Terry Perdue

Personal information
- Nationality: British (Welsh)
- Born: 10 November 1940 Swansea, Wales
- Died: 19 August 1998 (aged 57) Swansea, Wales
- Height: 182 cm (6 ft 0 in)
- Weight: 144 kg (317 lb)

Sport
- Sport: Weightlifting
- Club: Samurai WC, Swansea

= Terry Perdue =

British weightlifter

Terence Robert John Perdue (10 November 1940 - 19 August 1998) was a British weightlifter. He competed at the 1968 Summer Olympics and the 1972 Summer Olympics.

== Biography ==
Perdue represented the 1966 Welsh team at the 1966 British Empire and Commonwealth Games in Kingston, Jamaica, participating in the 110kg heavyweight event.
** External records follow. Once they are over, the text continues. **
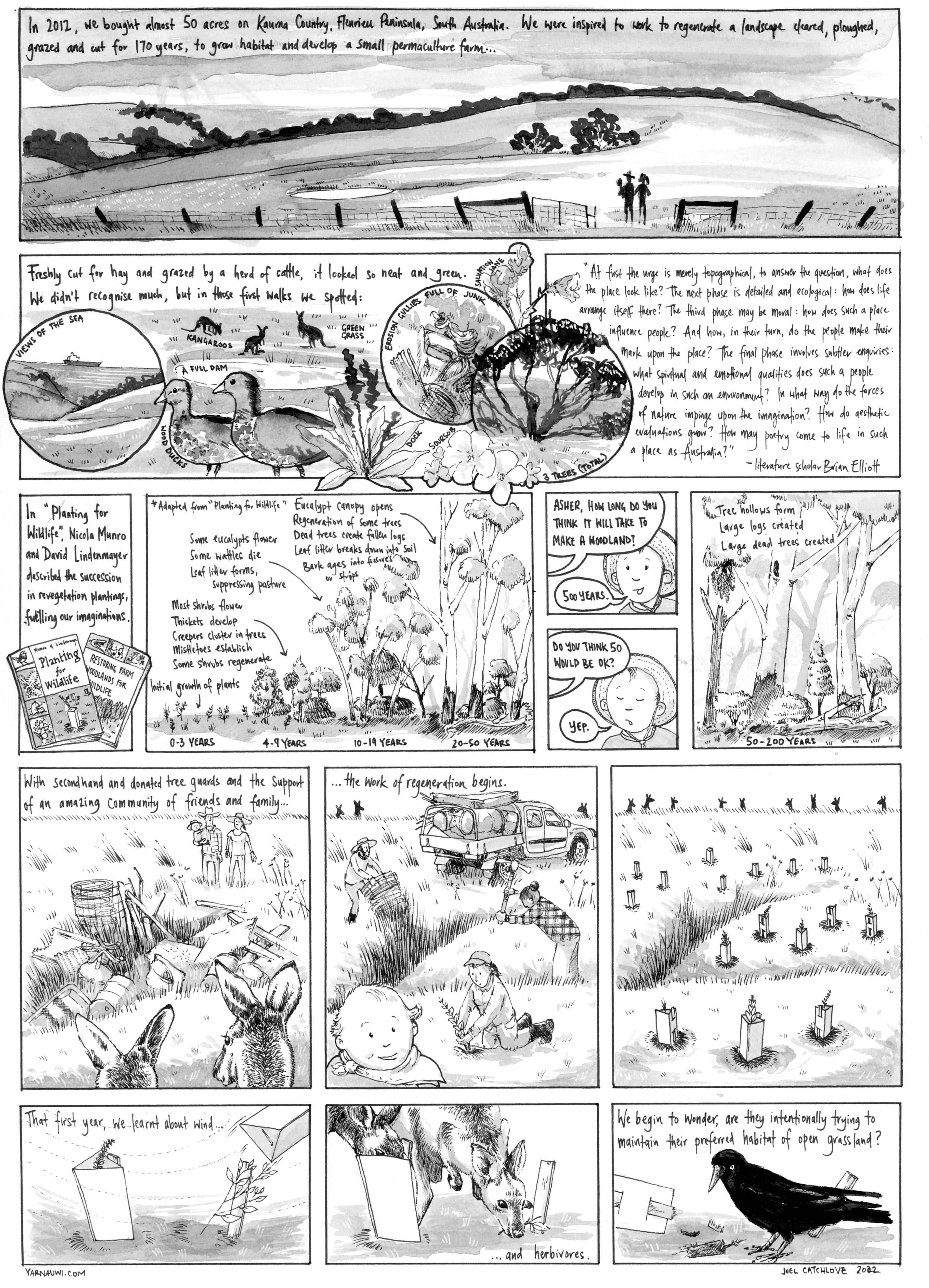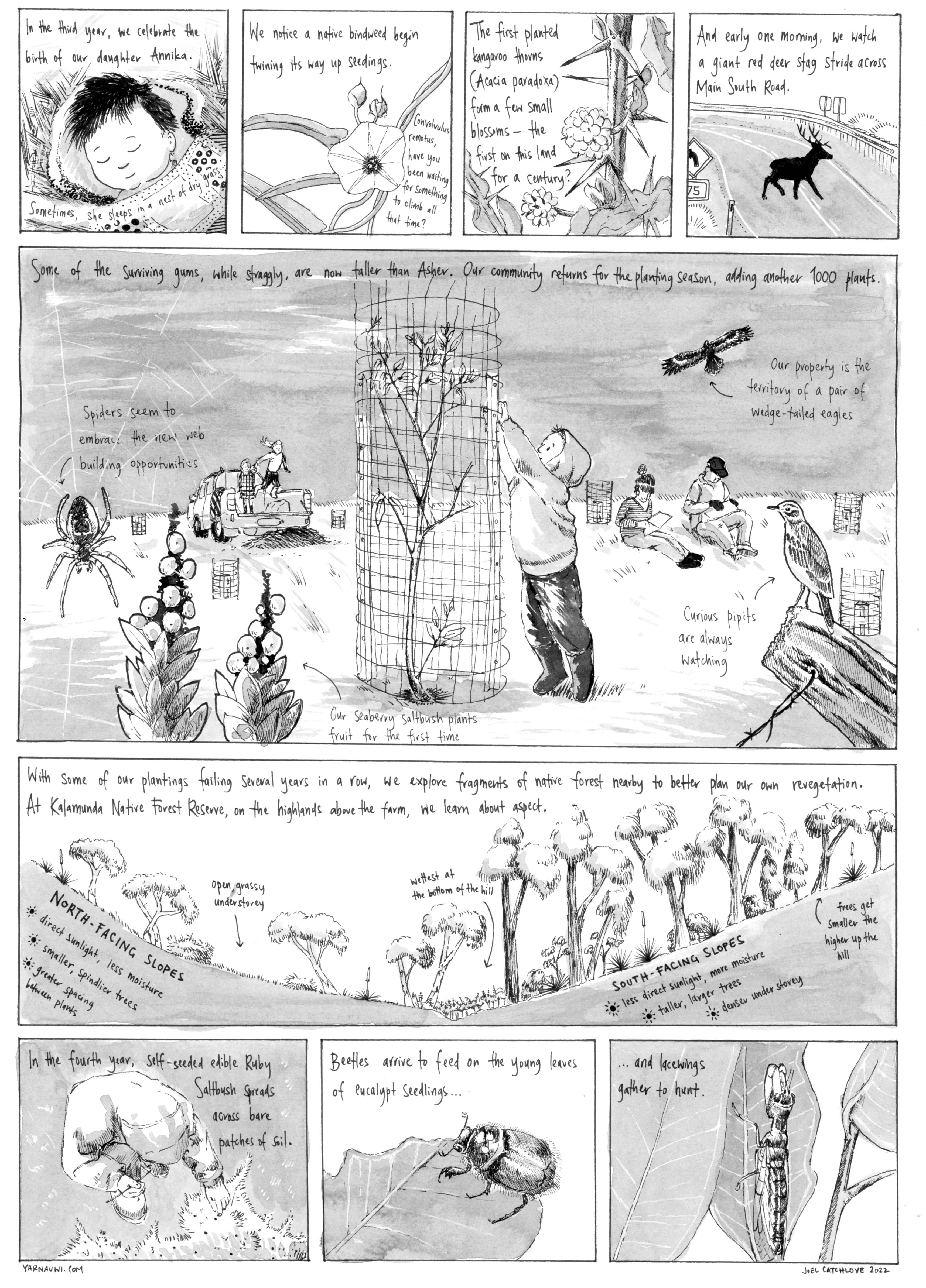 So we signed the papers, after which the lending advisor gleefully told us, “You realise that “mortgage” means “dead pledge”, it’s a debt you have until you die! Ha ha!” If that wasn’t terrifying enough, we quickly realised we were way out of our depth. We were suddenly chillingly aware that we were now perched precariously in the middle of countless visible and invisible natural processes that we had neither the knowledge nor the capacity to manage. Visiting on the weekends with a young child, a wheelbarrow and a few hand tools, the place felt like it was spinning out of our control. Plants grew, rain fell, erosion gullies marched uphill, sinkholes formed, kangaroos grazed in their hundreds.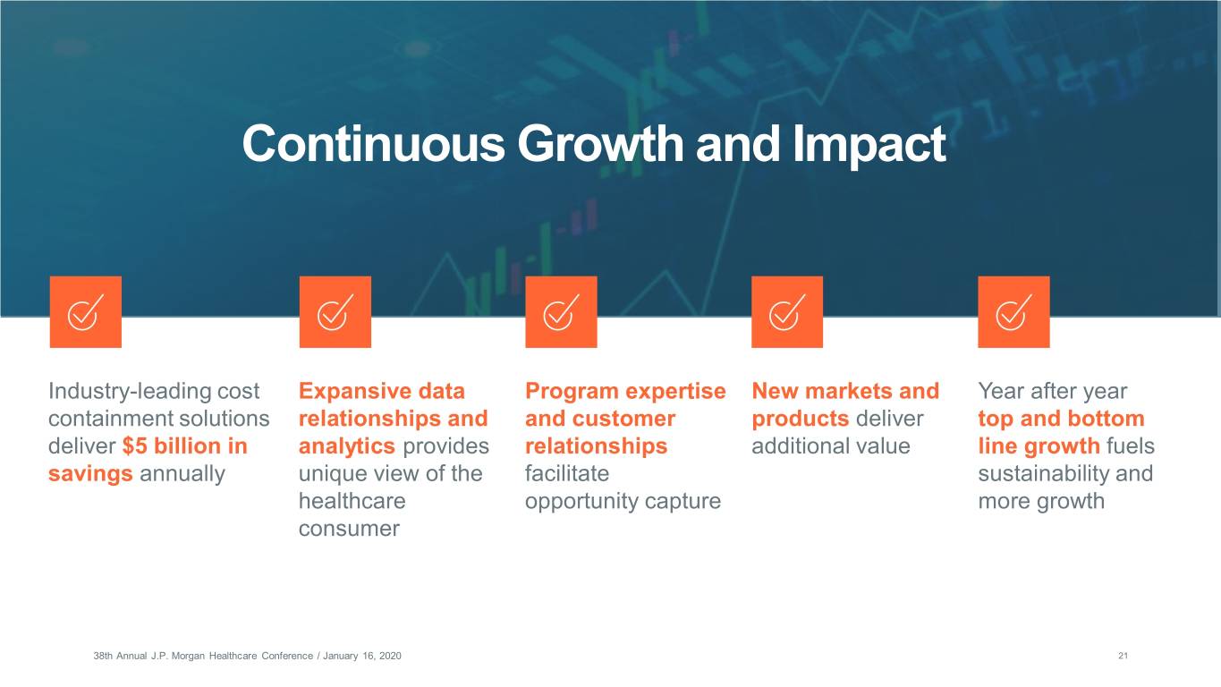 持续增长和影响行业领先的成本膨胀数据程序专业知识新的市场和年复一年的遏制解决方案关系和客户产品交付的顶部和底部交付的50亿美元分析提供了关系额外的价值线增长燃料节约每年独特的观点,促进可持续发展和医疗保健机会捕捉更多增长消费者第38届摩根大通医疗保健年会/1月16日,202021年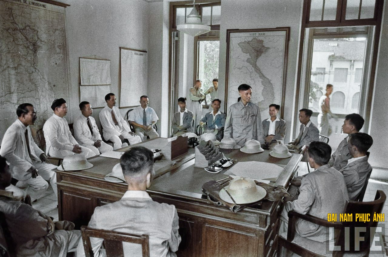 Đoàn cán bộ Việt Minh gặp các viên chức lãnh đạo Nha Giám đốc Bưu điện Bắc Việt để chuẩn bị việc tiếp quản cơ quan này.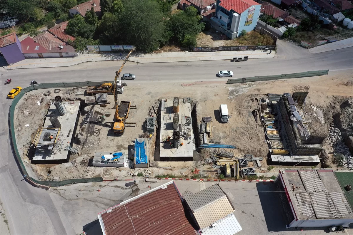 Projenin Edirne kent merkezindeki çalışmaları kapsamında ekipler, viyadük inşasını sürdürüyor.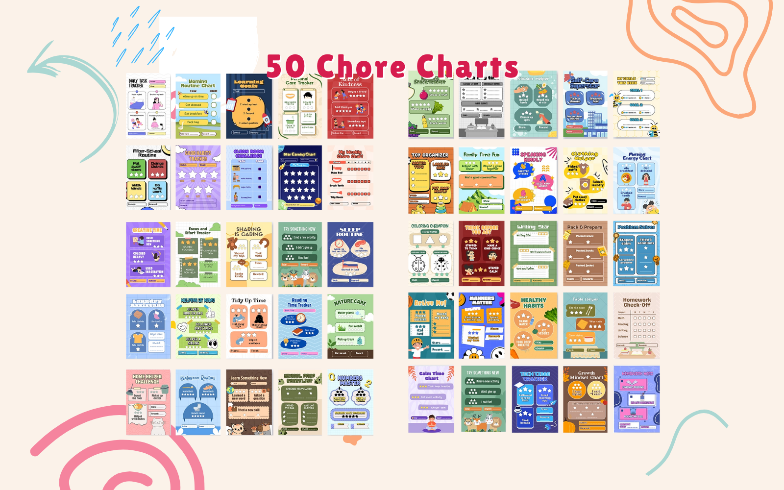 ✅ 50 Chore Charts with visual checklists, reward stars & age-specific tasks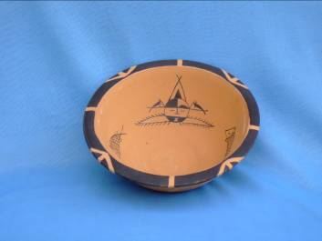 繪畫圖案古樸、簡練,可分三大類:一類為象生性圖案,如張口作吞食狀的魚、悠閑的鹿、搜索食物的蛙等動物紋,還有植物紋。這些象生圖案同史前人類的生活息息相關,形態(tài)生動的動植物紋樣是農耕和漁獵生活的反映。第二類為幾何圖案,有三角形,方格紋、編織紋等,這類圖案多在缽、罐、盆、壺類器皿外璧上部,許多缽類器口緣外側繪黑色寬帶紋,部分大口淺腹器皿的彩陶圖案多繪在內壁上,小口器的圖案則繪在口唇和肩腹部,這些部位多是容易看得見的地方,多數(shù)圖案清晰,筆畫疏朗,這些幾何圖案中,三角紋是由魚紋圖案變化而來,波折紋則是山或水的寫意。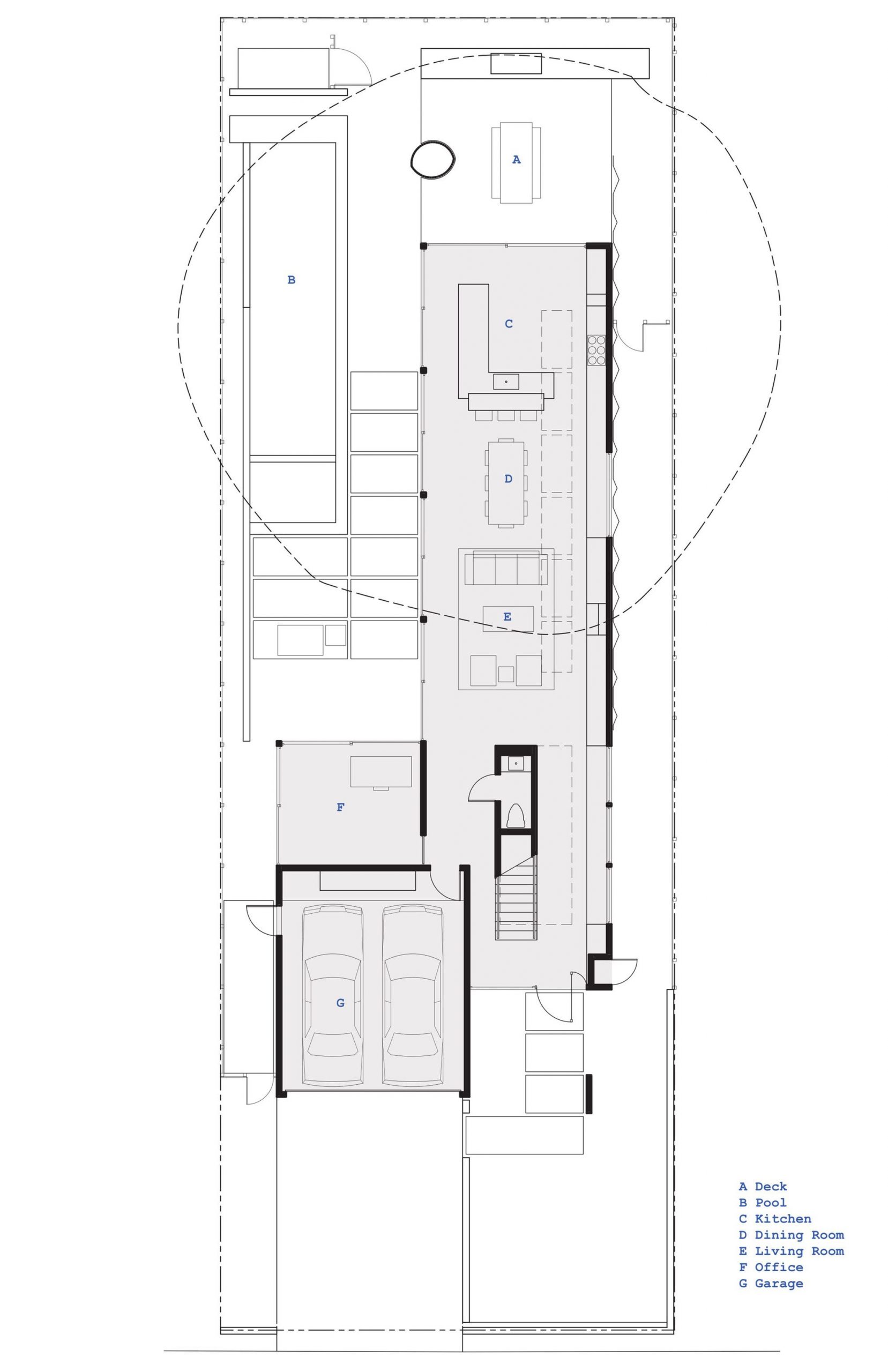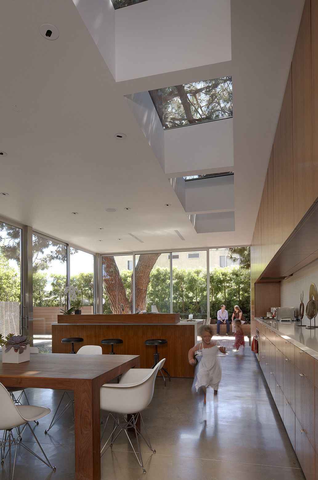 The Walnut Residence is located in Venice, California, a beachside community characterized by small lots (30’ wide x 120’ wide), an eclectic mix of architecture and a unique blend of personality. While the tight square footage of the lot and an existing tree constrained the organizational possibilities of the home, the connection to community, the need for privacy and security, and interest in natural lighting offered endless possibilities.

In 1971, Perdue, a scrap dealer in Swansea, was arrested along with two other men and charged with the theft of 41,000 pounds of metal. He was sentenced to four years in prison but was acquitted on appeal after serving nine months, just in time to join the British Olympic team for the 1972 Games.

He was one of the weightlifters featured in the Mai Zetterling-directed segment The Strongest in Visions of Eight. He was described by Robert H. Boyle in the 8 October 1973 issue of Sports Illustrated as "bearded, stuffs 320 pounds into a six-foot frame and could be played in a film by Peter Ustinov."